NOTE Remember we had observed high correlation between student and income. Important to notice the p-values for each of the coefficients. The t-statistics of student [P>|t|] is a very high value and we need to accept the hypothesis tht student has no relation with default and this is one feature that can be removed from consideration.

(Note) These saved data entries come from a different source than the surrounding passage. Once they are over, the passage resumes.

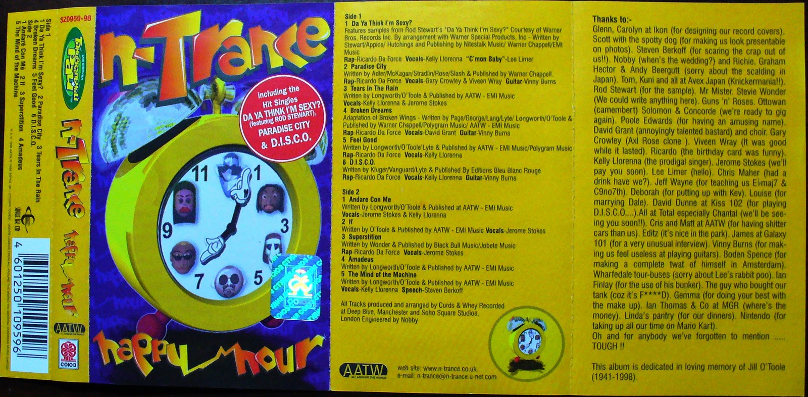 Quote (Gutorkin) N-Trance "Happy hour" - нужны крупные сканы обложек диска (не те, что на discogs и нашем сайте сейчас, а крупнее) и крупные сканы (именно сканы, а не фото) обложек кассеты; http://2.bp.blogspot.com/_1tJ4mg....267.JPG http://1.bp.blogspot.com/_1tJ4mg....266.JPG Увы, в архивах обнаружил только треки. Обложки - как есть |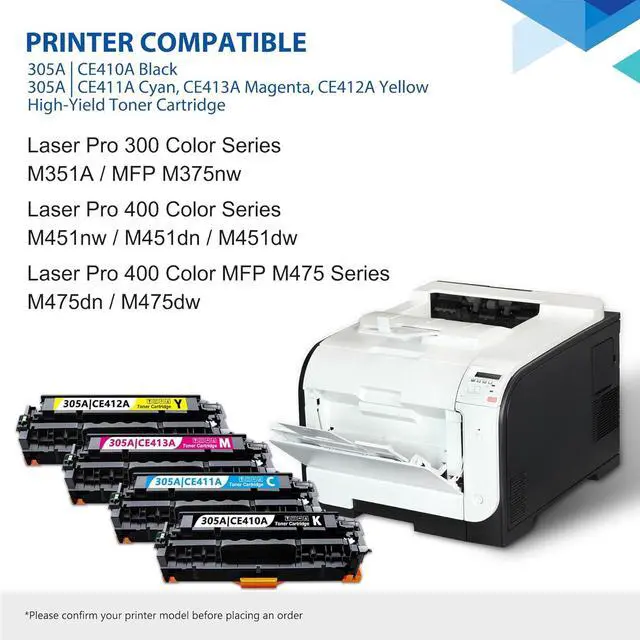 This 305A cartridges works with: Pro 400 Color M451dn M451dw M451nw Pro 400 Color MFP M475dw M475dn; Pro 300 Color MFP M375nw Pro 300 Color M351A Printer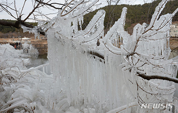 【NEWSIS】気温が氷点下まで下がった9日午前、蔚山市南区の仙岩湖水公園では、木の枝に大きな「つらら」ができていた。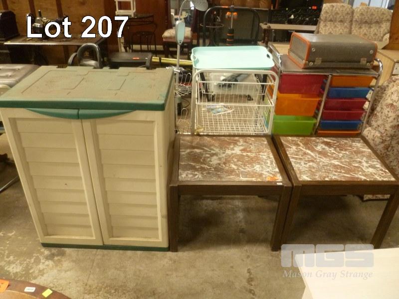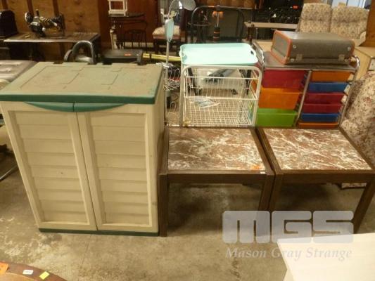 PAIR GRANITE TOP SIDE TABLES & PLASTIC CABINET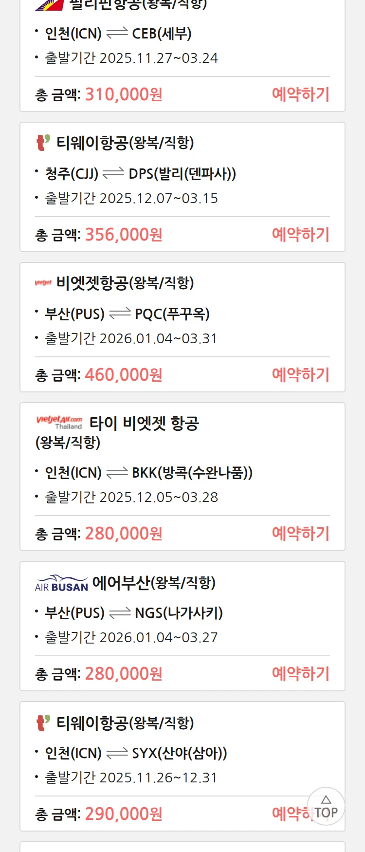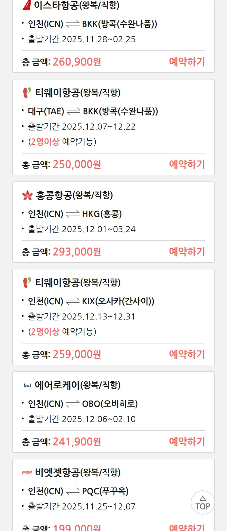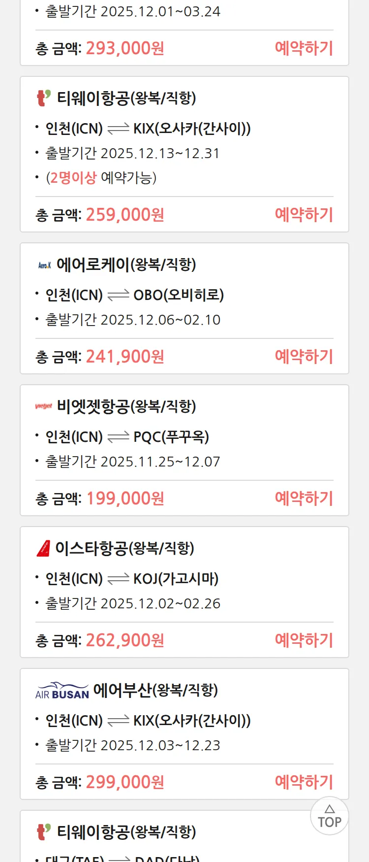 (11월 17일(월)) 땡처리 특가 항공권

from sklearn.naive_bayes import GaussianNB
gnb_model = GaussianNB()
gnb_model.fit(x_train, y_train)

GaussianNB(priors=None, var_smoothing=1e-09)
gnb_predictions = gnb_model.predict(x_test)
#print(gnb_predictions.shape)
#print(y_test.shape)
score = accuracy_score(gnb_predictions, y_test)
print("Gaussian NB accuracy : ", score)
Gaussian NB accuracy :  0.96
gnb_model.class_prior_
array([0.96620776, 0.03379224])

For the current test case, the probability of defaulter (class=0) is much higher than that of a non-defaulter.

NOTE: For the current subset of data, performance of GNB is better than that of Logistic regression because the training data set is of limited size. Try testing it on the whole dataset and then compare the performance.